The hour-long floatation tank session began with ten minutes of restful ambient music, comprising of slowly shifting choral lines, rounded bass notes and gently modulating synth pads. I could imagine some criticising it as cliché, but its familiarity and strong associations with other relaxation treatments helped me to settle in to the unfamiliar surroundings. As I lay back and slowly sank my head beneath the water, the music took on a lower, mellower tone, hushed, less distinct and with a distant ethereal quality. Carefully adjusting my body to find a comfortable position, I noticed the movement barely made a sound. The lapping of my arms on the surface of the water was the only audible addition to the bed of ambient sound and music.

(Stereo hydrophone recording of the first twelve minutes of the float)

(Ambient stereo recording (Jecklin Disk) in front of the floatation tank)

With the first ten minutes of the float ending, the music faded to leave a continuous low hum, soothing in its constancy. Emerging from this hum I noticed my breathing, low and muffled. Familiar, but stark in the silence, the intimate presence of breathing when the ears are submerged made me pay attention to its quality and measure. As the pace of the breath slowed, I noticed, rather disconcertingly at first, the presence of bodily sounds, much clearer than I’d ordinarily hear them. Whilst, for the most part, the rise and fall of the breath masked these, I could catch hints of the pulse in my ears, indeed throughout my body. I even sensed the pulse creating ripples in the water, particularly where arteries ran close to the surface of the skin. Holding my breath unmasked a variety of gurgles and bubbling from somewhere inside my body. Strangely, a lot of the sounds seemed to appear at or between the ears rather than from the point they originated from. This was true of the high pitched, rapid succession of bubbles occurring in small bursts, more than likely emanating from my stomach. Yet strangely, without the vibration being felt, I had little sense of where these bubbles had come from. They simply appeared as a fizzing between the ears, at the back of the head or lower neck. In contrast, the lower pitched sounds could be sensed more readily as slight tremors in the abdomen. Blinking, I even noticed that my eyelids created a flickering sound as they opened. Being cradled in the warm salty water and having familiarised myself with the novel soundscape, my body largely disappeared from awareness. I placed my attention on the rise and fall of the breath and my mind rapidly sank into a deep, meditative stillness.

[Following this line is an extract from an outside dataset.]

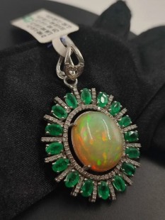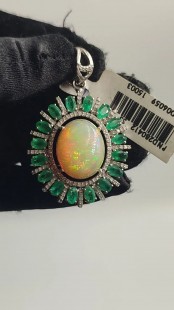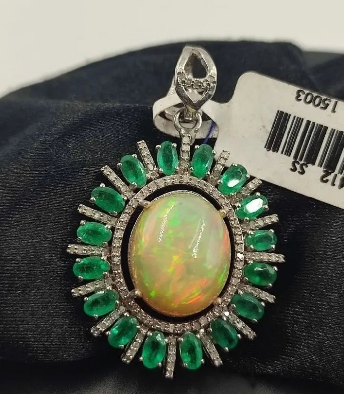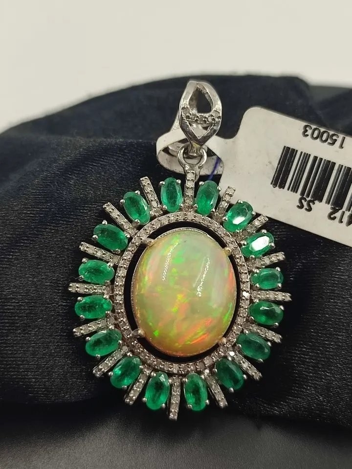 925 Gümüş, Doğal Çok İyi Kalite Opal v Zümrüt Elmas

For long periods of time over the next thirty minutes, my awareness of sound fell away completely. I was left resting floating in the darkness of the tank, with no sensory stimulation for reference, spare the occasional brush of my skin on the side of the tank. Yet even this sensation was so subtle that I could not tell whether I was merely imagining it. The slow fade-in of the ambient music once again, calmly announced the imminent end of the float session. Beginning with small movements, I gradually came back to awareness of the body and its sensations, exploring movements as if I were observing my body from a distance, re-learning the skill of moving one limb at a time. The noise of the tank’s filter commencing its cleaning cycle marked the end of the float and a return to the noise of the world.